Gibt es irgendwelche einschränkungen??

Danke schonmal


----------



## Anglerfreund@sw (27. März 2011)

*AW: Wo bekomme ich den jugendfischereischein in Bonn??*

hier in bayern muss man dazu in die Gemeinde gehn und dann bekommt man den für 15€ nach ca 3 Tagen.
Denke das wird in anderen Bundesländern ähnlich sein.


----------



## Fanne (27. März 2011)

*AW: Wo bekomme ich den jugendfischereischein in Bonn??*

hallo 

ich habe google genutzt und innerhalb von 5 sekunden alle notwenigen infrmationen erhalten.

http://www.bonn.de/rat_verwaltung_b...e/buergerservice_a_z/00153/index.html?lang=de


das wichtigste , ist die telefonnummer


----------



## Anglero (27. März 2011)

*AW: Wo bekomme ich den jugendfischereischein in Bonn??*

Wie alt bist Du?

Jugendfischereischein -> Gemeinde/Bürgeramt, 8 Euro, Lichtbild

Angeln -> Jugendfischereischein, Fischereierlaubnisschein des jeweiligen Gewässers und Begleitung/Beaufsichtigung durch Inhaber eines Fischereischeins (was man durchaus als "Einschränkung" bezeichnen kann)  


Google ist dein Freund.


----------



## Vinino1 (29. April 2011)

*AW: Wo bekomme ich den jugendfischereischein in Bonn??*

musst du ins Stadthaus gehen|wavey:


----------



## Monster_ (29. April 2011)

*AW: Wo bekomme ich den jugendfischereischein in Bonn??*

Bei uns in der Gemeinde für 8 Euro und Lichtbild, aber das würde sich nicht lohnen finde ich, da man nur mit einer begleitperson angeln darf die volljährig und den angelschein besitzen muss.


----------



## Anglero (29. April 2011)

*AW: Wo bekomme ich den jugendfischereischein in Bonn??*



Monster_ schrieb:


> Bei uns in der Gemeinde für 8 Euro und Lichtbild, aber das würde sich nicht lohnen finde ich, da man nur mit einer begleitperson angeln darf die volljährig und den angelschein besitzen muss.


 
Die Begleitperson mit Fischereischein muss in NRW imho nicht volljährig sein.

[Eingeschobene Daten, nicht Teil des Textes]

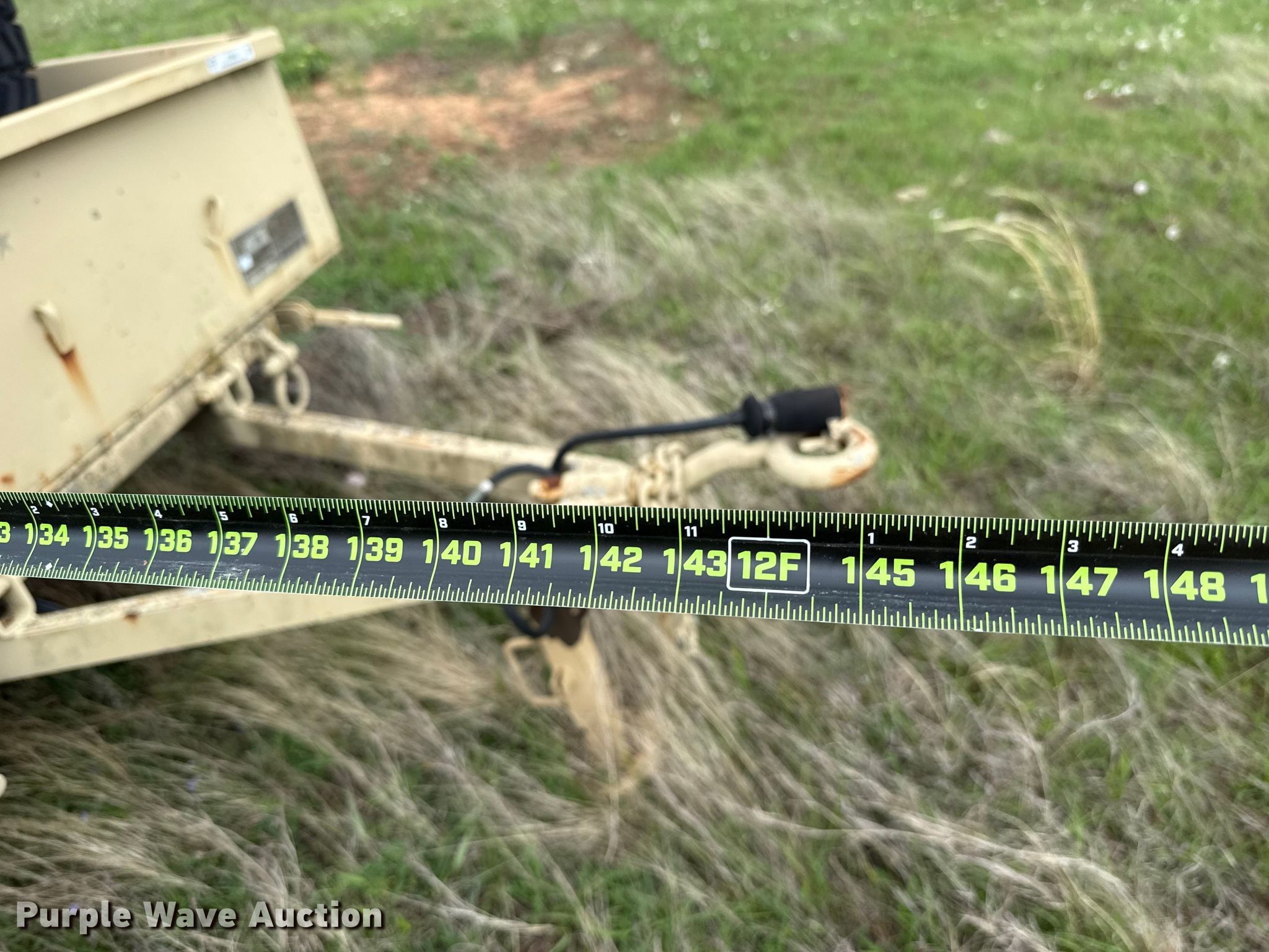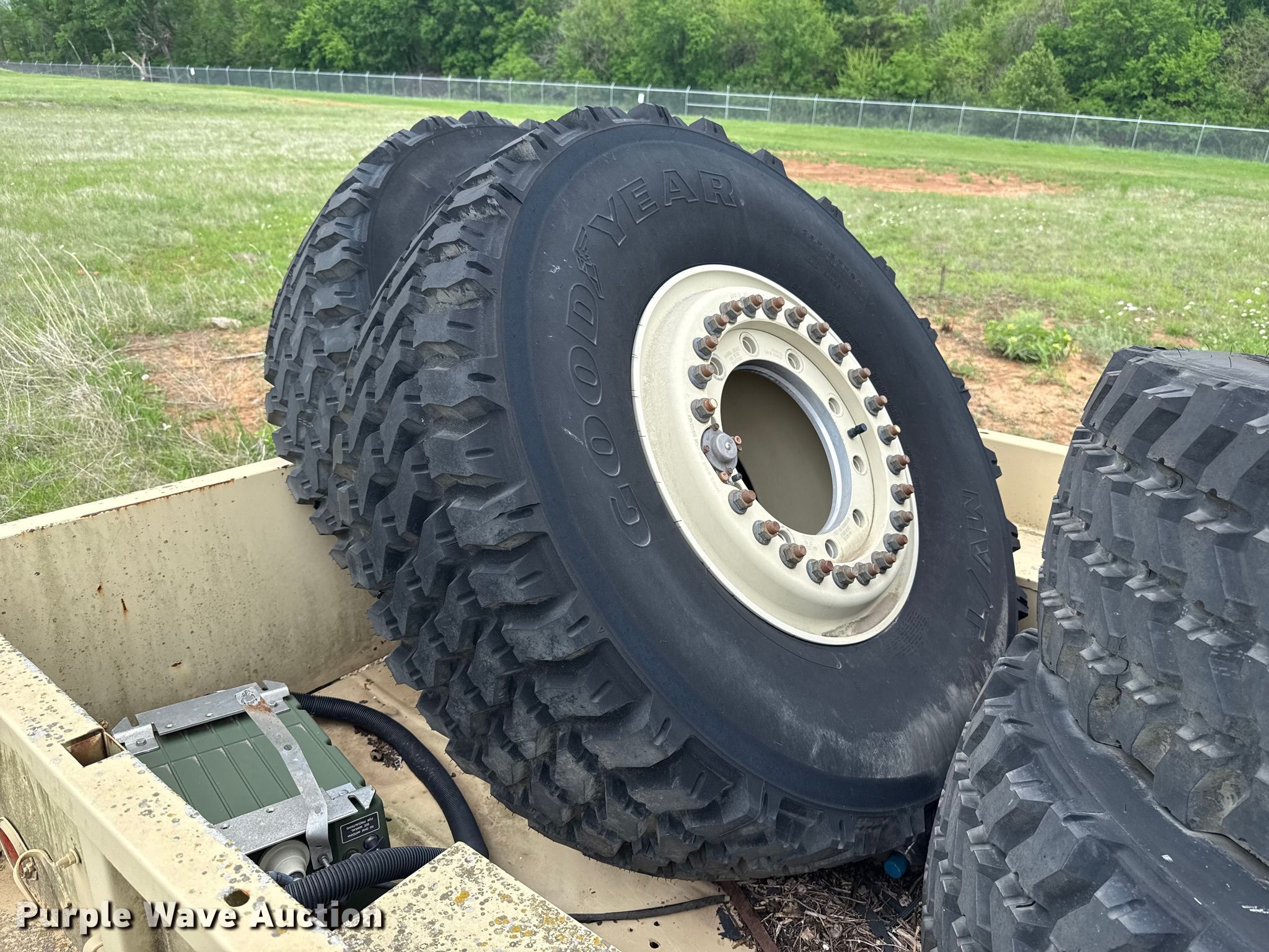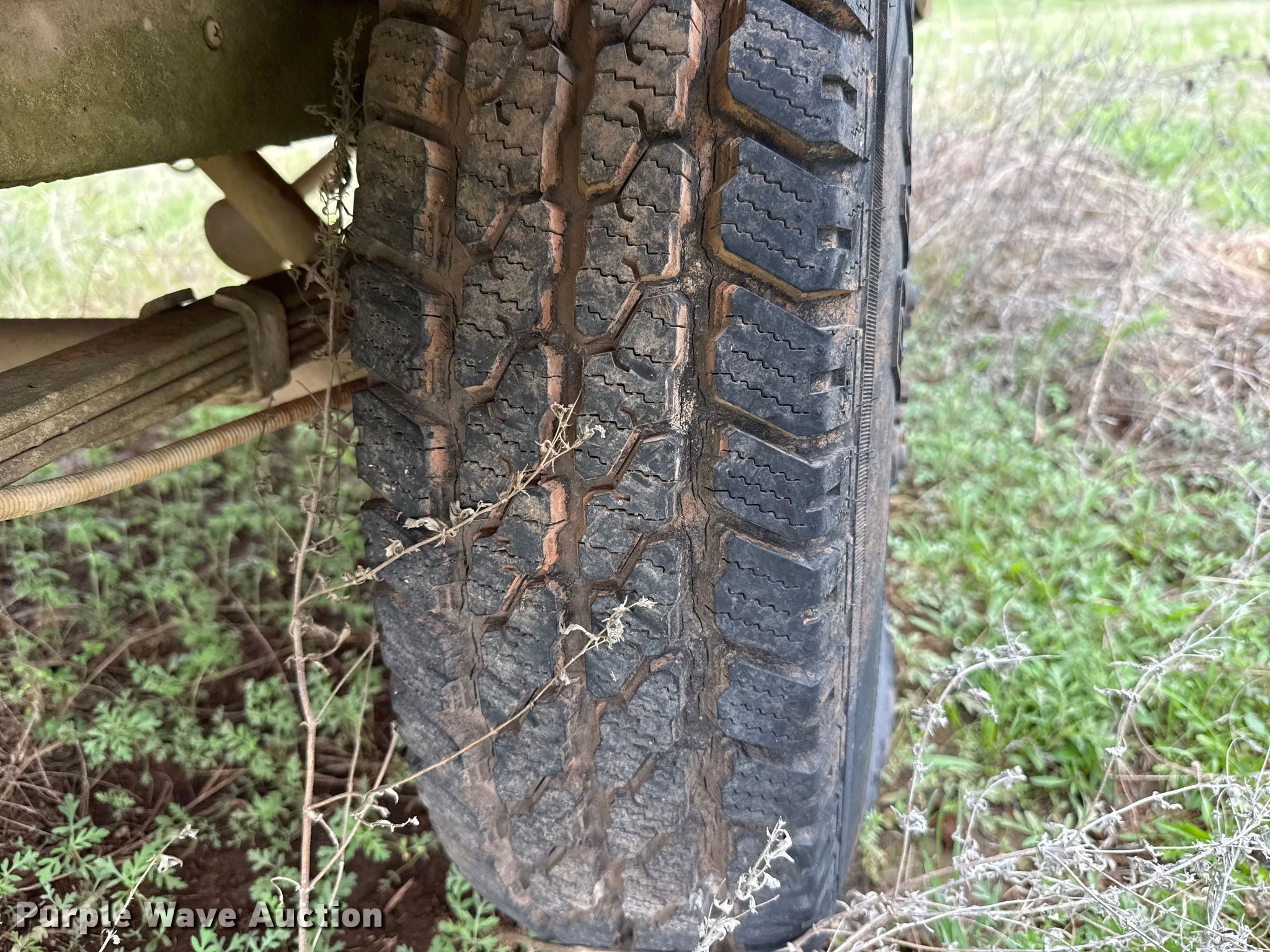 1968 M116A2 utility trailer. VIN: 7032, Unit #: 4234. Dimensions Overall Length: 12', Width: 70", Deck Length: 8', Width: 65", Side height: 18". Features Deck type: Steel. Chassis Hitch: Pintle, Landing gear: Single, Suspension: Spring. Tires Steel wheels Size: LT235/85R16. Notes Additional tires and wheels included Size: 395/85R20. Transfer of ownership documentation will be a bill of sale. Seller is a government entity who will be assigning and distributing the title. Please contact the seller for distribution questions. Shawnee Police Department. Shawnee, OK 74804

Ist doch eine schöne Vorstellung, dass auch mal Vierzehnjährige Sechzehnjährige beaufsichtigen dürfen. 

BTW, die Fragen des TE dürften seit vier Wochen beantwortet sein.

Bezirksregierung Köln:
_"Personen, die das zehnte, aber noch nicht das sechzehnte Lebensjahr vollendet haben, wird der Fischereischein nur als Jugendfischereischein ausgestellt, es sei denn, sie haben die Fischerprüfung abgelegt und das vierzehnte Lebensjahr vollendet. Der Jugendfischereischein berechtigt grundsätzlich nur zur Ausübung der Fischerei in Begleitung eines Inhabers eines Fischereischeins."_


----------



## Monster_ (29. April 2011)

*AW: Wo bekomme ich den jugendfischereischein in Bonn??*

oh, da hab ich was verwechselt :q


----------